Do we live in a democracy, or a regulatory dictatorship? It’s hard to tell sometimes, especially after reading the latest annual report on the regulatory state issued by the Competitive Enterprise Institute.
CEI’s latest “10,000 Commandments” adds up the total cost of federal rules and regulations, and should be required reading for anyone espousing still more government control over the economy. What it shows is that the country is increasingly being ruled not by elected representatives, but by unelected and largely unaccountable bureaucrats in Washington.
Just look at the balance between regulations and laws. For every bill passed through Congress and signed by the president last year, regulators imposed 30 new regulations.
And at $1.885 trillion, the cost of regulations now exceeds the cost of federal individual and corporate income taxes, which raised about $1.82 trillion last year.
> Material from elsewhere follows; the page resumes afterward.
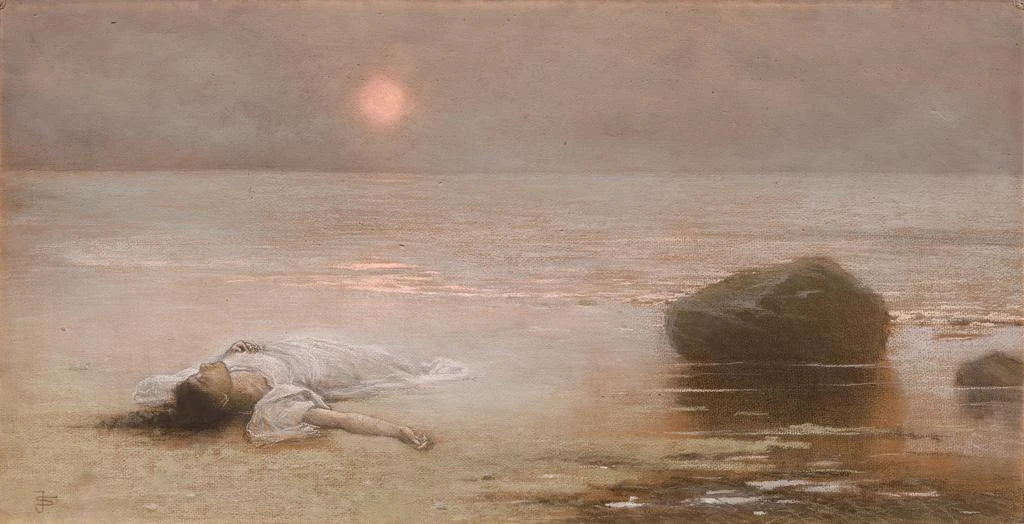In dem Werk "Noyé" fängt Jakub Schikaneder eine berührende Atmosphäre ein, in der Natur und Menschlichkeit in einem tragischen Moment aufeinandertreffen. Die Komposition, die auf den leblosen Körper im Wasser fokussiert, wird durch dunkle Farben und Blautöne verstärkt, die Traurigkeit und Kontemplation hervorrufen. Die Technik von Schikaneder, die Realismus und Impressionismus verbindet, schafft eine emotionale Tiefe, während das Licht auf den Wasserreflexionen spielt und der Szene eine fast traumhafte Dimension verleiht. Dieses Gemälde lädt den Betrachter ein, über die Zerbrechlichkeit des Lebens und die tragische Schönheit des Todes nachzudenken.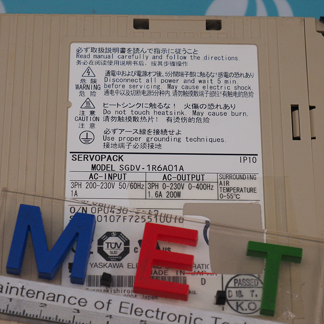 MANUFACTURER : YASKAWA MODEL : SERVOPACK SGDV-1R6A01A

The CEI report shows that economic regulations (such as market entry restrictions, price supports and the like) impose the biggest costs at $399 billion. That’s followed by environmental regulations at $386 billion, and — incredibly — the cost of complying with the tax code, which is expected to be $316 billion this year.
The problem is that these costs never show up in any federal budget as a cost of government. They just get hidden in higher prices, lower take home pay, more unemployment, less opportunity.
As a result, as author Clyde Wayne Crews explains: “Regulatory initiatives can enable federal commandeering of private sector resources with comparatively little public fuss, rendering regulation a form of off-budget taxation. Policymakers find it easier to impose regulatory costs than to embark on more government spending because of the former’s lack of disclosure and accountability for costs. Furthermore, where regulatory compliance costs prove burdensome, Congress can escape accountability by blaming an agency for issuing an unpopular rule.”
The impact on growth, however, can be profound. A separate report from the Mercatus Center at George Mason University found that the nation’s GDP would be 25% bigger today if no new federal rules had been issued since 1980.
President Obama recently claimed that it’s a “myth” that deregulation would spark economic growth. In fact, it’s an easily checkable truth.
Presidents Reagan and Clinton both deregulated big chunks of the economy and the growth flourished. Obama has imposed more expensive, and more intrusive, regulations — ObamaCare and Dodd-Frank are just two — than just about any president before him, and has produced the worst economic recovery since the Great Depression.
And while the last recession has been commonly blamed on deregulation under President Bush, he was hardly a deregulator. In fact, Bush imposed regulations at an average rate of 62 major rules a year, compared with 81 a year under Obama.
A return to freedom, growth and opportunity will require Washington to rein in the runaway regulatory state.
You can read the CEI report here.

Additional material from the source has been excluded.